Part Four of trail finding basics. If you missed Parts 1 or Part 2 or Part 3 (!) of How to Plan My Hiking Route, check them out as well!

  1. How do I find a trail/route? 
  2. What is in the route: distance, elevation
  3. What season is it?
  4. What are other logistics?

Logistics are the small but critical things that are a little bit boring to think about, but have a huge impact on the overall hike or outdoor trip. These include permits, trail conditions, trail/area closures, fire awareness, transportation, weather, and communication.

The biggest of these is likely transportation. Transportation depends on the route style you picked earlier (Part 2!). If you are doing an out and back, you’ve got it made: your car is where you end up. If you chose a point-to-point, you’ll need to arrange to be dropped off or picked up at your start and end points. This can be done easily with a friend/family member (maybe buy them a coffee or some lunch!), or, if you are in an urban setting, with a car service like Lyft/Uber. If you are doing a point-to-point and are relying on someone to pick you up, you want to be able to tell them when and where to pick you up. Hopefully you have a good idea of timing from your distance/time trip planning (Part 2!), so you don’t leave your friend stranded for hours waiting for you.

You will want to keep in mind the time of day you want to be starting out and how long it takes to drive to your trailhead to ensure you start on time. Give yourself time to use the bathroom, fill out any trailhead paperwork, and tie your shoes.
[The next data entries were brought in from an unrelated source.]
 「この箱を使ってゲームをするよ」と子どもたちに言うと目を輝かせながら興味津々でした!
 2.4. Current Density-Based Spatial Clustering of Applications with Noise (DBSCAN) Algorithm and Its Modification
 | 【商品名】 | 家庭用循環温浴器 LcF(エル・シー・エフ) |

Permits! While many trailheads are free, many trailheads have a user fee. Be sure you have the fee, and fill out the documentation required. Be sure to place the proof of payment in the designated location (rearview mirror/front dashboard/etc.) to avoid any accidental citations. Many National Forest or other sites that have usage fees honor the America the Beautiful Annual Pass (aka “National Parks Pass”): check the trail/forest/wilderness/BLM information page to find out what fees are, and what passes are required or honored.

If you are camping or backpacking, be sure you check out the overnight parking regulations for that location. If you plan to have a picnic or campsite, be sure you check whether the sites are first come, first served, or if you need to make a reservation.
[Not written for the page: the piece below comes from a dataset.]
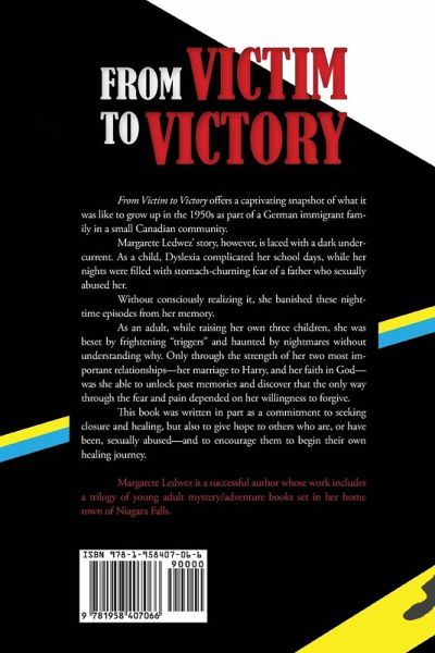 "From Victim to Victory" offers a captivating snapshot of what it was like to grow up in the 1950s as part of a German immigrant family in a small Canadian community. Margarete Ledwez' story, however, is laced with a dark undercurrent. As a child, Dyslexia complicated her school days, while her nights were filled with stomach-churning fear of a father who sexually abused her. Without consciously realizing it, she banished these nighttime episodes from her memory. As an adult, while raising her own three children, she was beset by frightening "triggers" and haunted by nightmares without understanding why. Only through the strength of her two most important relationships-her marriage to Harry, and her faith in God-was she able to unlock past memories and discover that the only way through the fear and pain depended on her willingness to forgive. This book was written in part as a commitment to seeking closure and healing, but also to give hope to others who are, or have been, sexually abused-and to encourage them to begin their own healing journey. Margarete Ledwez is a successful author whose work includes a trilogy of young adult mystery/adventure books set in her hometown of Niagara Falls.

My local Cibola National Forest website

Next, you’ll want to do a check trail conditions. This means checking out the hosting area’s website (like the Forest Service) for any alerts on trail closures, construction, or changes. This can happen due to floods, fires, or trail maintenance activities. These sites are generally kept up to date. You can also check out an app like AllTrails to peek in on recent reviews of the trails you will be traveling on; these are particularly helpful when on the lookout for ice or snow in spring or fall, muddy or washed out conditions, and wildlife sightings.

It’s wildfire season here in New Mexico (& much of the West), and as our skies are a dull reddish-gray all day long this week, fire is forefront on our minds. You will want to keep in mind forest fires in the area, smoke and air quality. More important if you are planning on camping or extended hiking with cooking: check whether and what type of flame (fires? grills? stoves? none?) is allowed.
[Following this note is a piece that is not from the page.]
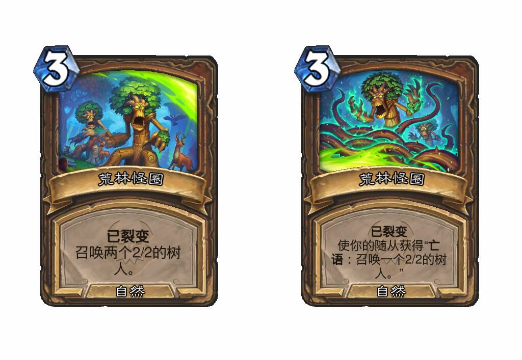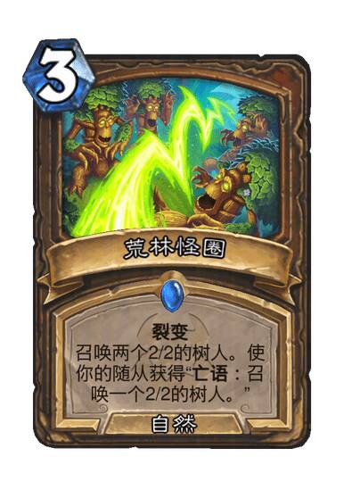 裂变。召唤两个2/2的树人。使你的随从获得“亡语:召唤一个2/2的树人。”

A last check on weather conditions the evening before you plan to head out for your hike is a good idea. Long-term weather forecasts are amazing, but things can change, and you want to be sure you are prepared for what’s coming up. 

Lastly, send your finalized itinerary to your trusted person(s) so they know what you are doing, where you are going, and when you plan to be back. Then, enjoy your hike and don’t forget to check in with them when you get back! Happy Hiking!